Majority Of Online Banking Customers Use Same Credentials On Other Less-Secure WebsitesTrusteer data finds that 73 percent use the same password for their online banking account on at least one nonfinancial Website
Most users just don't bother trying to memorize all of those separate usernames and passwords for multiple Websites: Instead, 73 percent use the same password for their online banking account as they do on at least one nonfinancial Website, and nearly 50 percent use the same user ID and password, according to a new report.
Trusteer, which runs a browser security service, revealed the findings today based on a sample of more than 4 million users of its service during a 12-month period.

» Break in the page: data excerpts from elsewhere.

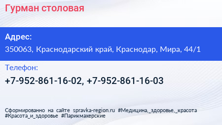 Гурман, столовая по адресу 350063, Краснодарский край, Краснодар, Мира, 44/1 в дальнейшем Организация, размещена в следующих категориях: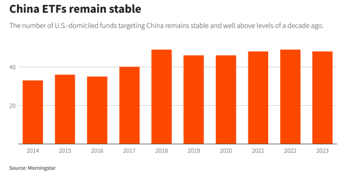 根据晨星的数据,去年共有4只在美发行的中国主题ETF推出,2022年则有2只,2021年有8只。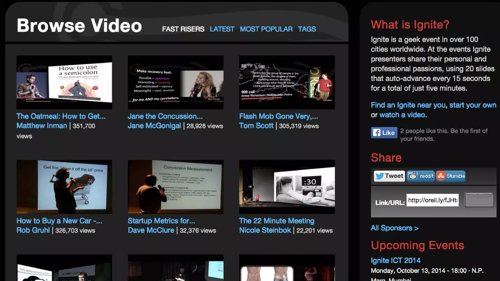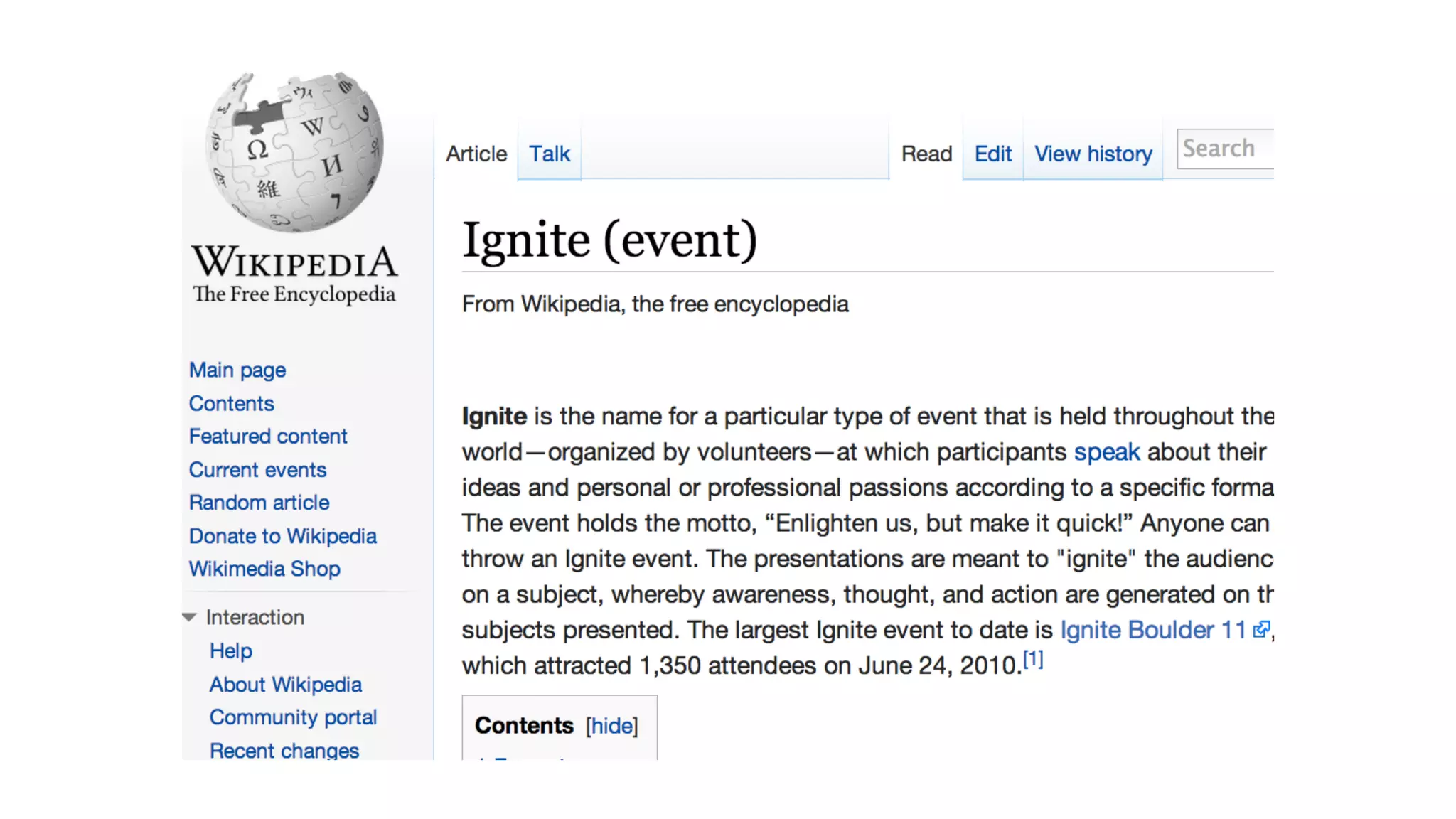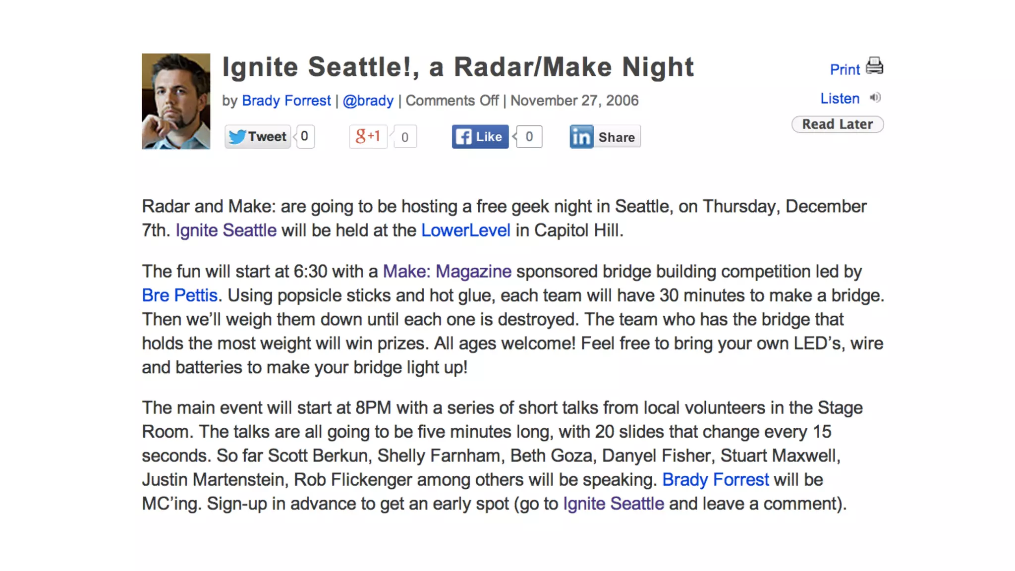 The document references a series of talks and ideas shared by various speakers at an event, emphasizing creativity, growth, and collaboration. Key themes include using social media effectively, inviting engagement, and the importance of constraints in defining projects. The format is fast-paced, with quick presentations designed to enlighten the audience in a concise manner.

"Maybe it's the security guy in me, but I was surprised by the amount of sharing of usernames and passwords that take place," says Amit Klein, CTO of Trusteer and head of its research group. "This lends itself to attacks."
Around 65 percent of users reuse their user ID on nonfinancial Websites when their bank lets them create their own ID, and 42 percent do so on at least one other Website when the bank issues them the user ID.
"This has implications: Once these [shared] credentials are compromised in some way, other user accounts are exposed -- often they are sharing these same credentials with less secure and maintained sites," Klein says. All it takes is the user's credentials being harvested off of one of those sites, and the banking account is in jeopardy, according to Klein.
So how do users balance the nightmare of juggling multiple sets of credentials? Trusteer recommends consumers have at least three sets of credentials: one for financial Websites only, another for nonfinancial Websites that house sensitive information about the user, and a third for Websites that don't contain any confidential information about the user.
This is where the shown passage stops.